Accordingly, LondonMetric has received irrevocable undertakings and a statement of intent to vote in favour of the LondonMetric Resolution to be proposed at the LondonMetric General Meeting in relation to the Combination, in respect of a total of 44,135,354 LondonMetric Ordinary Shares, representing approximately 6.30 per cent. of the ordinary share capital of LondonMetric in issue on the Latest Practicable Date.

 

Further details of these irrevocable undertakings and the statement of intent are set out in Appendices 3 and 4 to this announcement.

 

Commenting on the Combination, Patrick Vaughan, Chairman of LondonMetric, said:

 

"I am pleased that we have agreed a £414.7 million recommended offer to acquire A&J Mucklow. The combination of their assets, of which approximately 70% is in distribution and industrial property, is consistent with our strategy of increasing our urban logistics exposure. The combination has compelling strategic and portfolio rationale with strong operational and financial benefits. I am delighted to say that we think this deal will be immediately earnings enhancing for shareholders. There will be work to do, but we are excited by the reversionary and asset management potential of their assets which will underpin and further support our progressive dividend policy."

 

Commenting on the Combination, Rupert Mucklow, Chairman and Chief Executive of Mucklow, said:

 

"I have got to know Andrew and his team well over the last few months and am confident LondonMetric is the right fit for Mucklow.
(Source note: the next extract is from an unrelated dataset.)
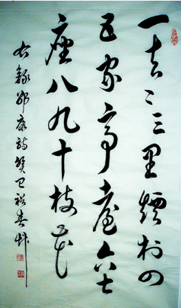 人物简介:赵裕春,男,1969年4月出生,江苏泰兴人,研究生学历,别名子墨,又名朔源,号三正居士,中国楹联学会会员,中国长城书画家协会会员。自幼酷爱书法,尤擅草书,启蒙于军旅著名毛体书法家毛国林,师从中国书法艺术研究院张玉亮院长。作品多次在《空军报》、《军嫂杂志》发表。2013年9月参加《玉亮书魂》--张玉亮暨弟子书法作品联展。11月,中国广播网军事频道专题宣传。12月,作品入选纪念毛泽东诞辰120周年百名将军暨书画名家作品联展并在全国巡回展出。

LondonMetric has a complementary portfolio which mirrors Mucklow's focus on high quality income producing properties and the LondonMetric management team has the necessary expertise to build on the success that Mucklow has achieved over the 57 years it has been a listed company. The Combination recognises the value of the Mucklow portfolio and resolves the uncertainty around succession planning. I am excited about the future for the combined group as a more resilient and diversified UK-REIT."